Thus, studies dedicated to indigenous knowledge and ancestral ways of life become strategic in order to learn from those who have lived in balance with the cosmos since time immemorial and who have resisted colonial violence, genocide, and epistemicide for centuries. At this point, however, there is an urgent question: Is the Western world actually open to learning and changing ways of thinking and living, or are we simply revisiting the myth of the ‘noble savage’ and expecting those who have been excluded from their territories and languages to save our corrupt and failing civilization?

Alternative cosmovisions

This is the challenge we face today, because as climate change and the escalating destruction caused by ‘natural’ disasters (caused by colonial capitalist expansionism) have taught us, we do not have much time to make the drastic changes necessary to avoid reaching the ‘point of no return.’ The problem is that the required action requires a paradigm shift that should reach political, economic, and social dimensions. It represents the shaking of the foundations of anthropocentrism that have guided the myth of modernity and have been the basis of the economic system that governs the world and global capitalism today, and a call for new ways of living that recognize cosmovisions that are more sustainable for the whole planet.

Indigenous Canadian writer Lee Maracle destabilizes our Eurocentric and anthropocentric paradigms when she connects the 9/11 attack on the World Trade Center in New York City to the tragic incident of salmon suicide that affected her people in Salish territory. In her essay “Salmon is the Hub of Salish Memory” (2015), she mentions that while people in Canada and the United States were still reeling from that horror, thousands of mating pairs of sockeye swam to their deaths too soon, leaving no offspring, in effect killing themselves and the future of their species. Maracle tells us that at the time, compared to the attack on the World Trade Center, the sockeye suicide was considered a minor event, not worthy of study.

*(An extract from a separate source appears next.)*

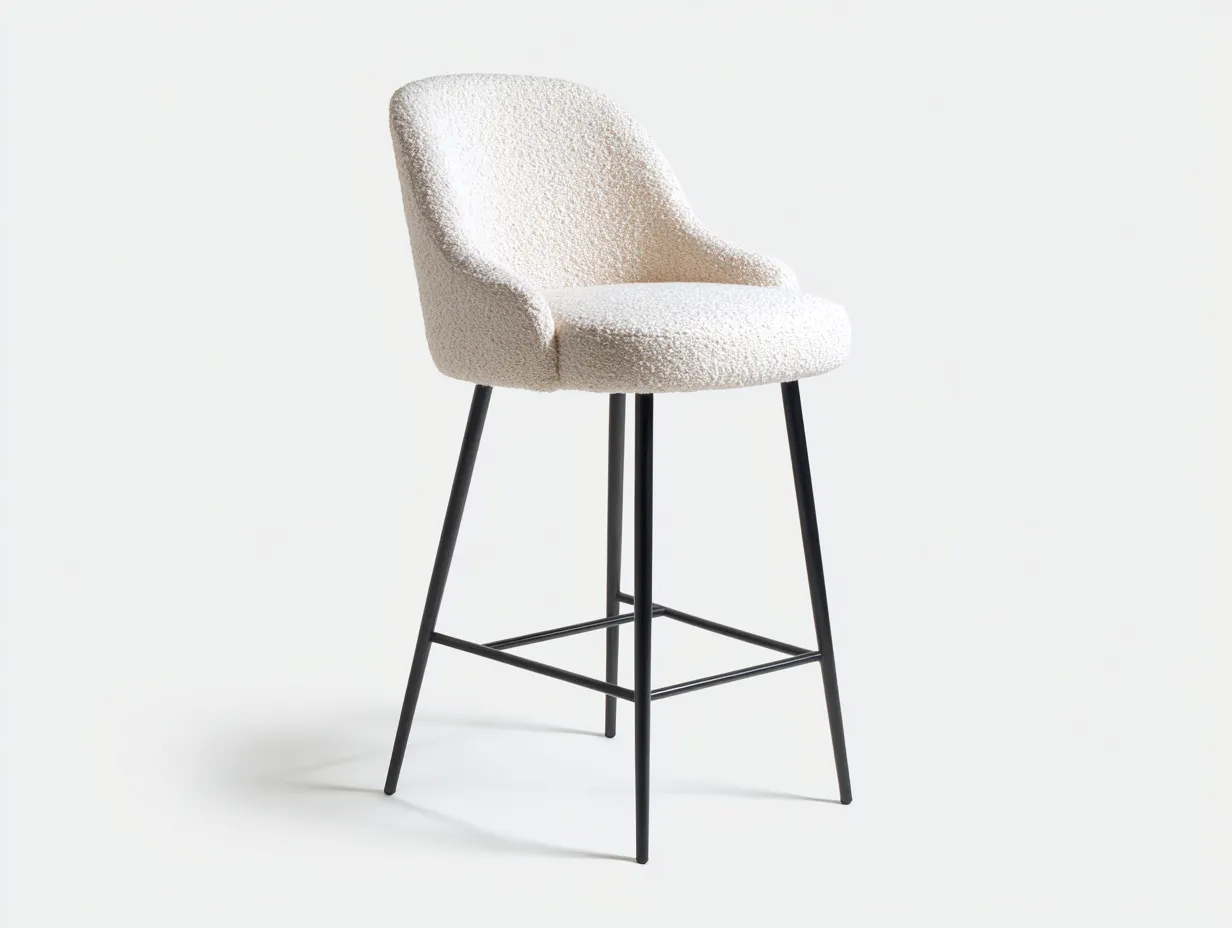 Este taburete de barra bouclé está pensado para aportar una imagen más cálida y sofisticada en cocinas abiertas, barras domésticas, comedores contemporáneos o espacios de reunión informal. La combinación entre asiento envolvente tapizado y estructura metálica fina crea un equilibrio atractivo entre confort visual y ligereza. Su presencia resulta adecuada para interiores donde se busca suavizar el ambiente con texturas agradables, manteniendo al mismo tiempo una estética actual y fácil de combinar con encimeras de piedra, madera o acabados lacados.
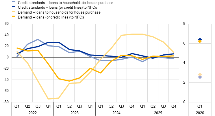 Notes: NFCs stands for non-financial corporations. For survey questions on credit standards, “net percentages” are defined as the difference between the sum of the percentages of banks responding “tightened considerably” and “tightened somewhat” and the sum of the percentages of banks responding “eased somewhat” and “eased considerably”. For survey questions on demand for loans, “net percentages” are defined as the difference between the sum of the percentages of banks responding “increased considerably” and “increased somewhat” and the sum of the percentages of banks responding “decreased somewhat” and “decreased considerably”. The diamonds denote expectations reported by banks in the current round. The latest observations are for the fourth quarter of 2025.

However, she connects the two events because at the time the salmon were committing social suicide, Afghanistan was the object of international invasion, explaining that Salish people know that the salmon’s homeland has been the object of chronic invasion by fishing, pulp, and paper mills, forestry, and all manner of toxic dumping. According to the Salish cultural worldview, salmon and humans are not separate, and both events are linked to a single social and economic system that shares the same history of social and physical degradation of human and salmon habitat.

Dreams and shamans

In Brazil, indigenous thinkers such as Ailton Krenak, a member of the Brazilian Academy of Letters, and the Yanomami shaman Davi Kopenawa have used their knowledge to draw our attention to the need for a paradigm shift so that we can stop destroying the planet. For Krenak, in “Ideas to Postpone the End of the World” (2020), such a shift involves drawing our attention to other forms of ancestral knowledge so that we can still dream of possible futures. According to his cosmovision, dreaming is a transcendental experience in which the human chrysalis cracks open to unlimited new visions of life. Dreams are places of connection with the common world. It is not a parallel world, but the world in a different register, a different potency.

Shamans are central figures in indigenous cultures because they have access to a special kind of knowledge and are intermediaries between humans and non-humans. They are also initiated into a tradition of dreaming and have taken a prominent place in discussions of indigenous knowledge, verbal arts, dystopian prophecy, and imagining possible future worlds. In “The Falling Sky: Words of a Yanomami Shaman” (2013), Davi Kopenawa tells us that, according to a prophecy, the destruction of our planet will be signaled by the death of the last shaman, since they are the guardians of the forests. The increasing deforestation in Brazil and the danger of the destruction of the indigenous shamans makes Kopenawa see the falling sky. It is through the image of a blind sky, blurred by the smoke of the fires and the falling of the trees, that Kopenawa sees the end. In his words: “But if there are no more shamans in the forest, it will soon burn until it is blind. Finally, it will suffocate and, becoming a ghost, it will suddenly begin to fall to the earth. Then we will all be carried away into the darkness of the underworld, both the White Men and the rest of us.”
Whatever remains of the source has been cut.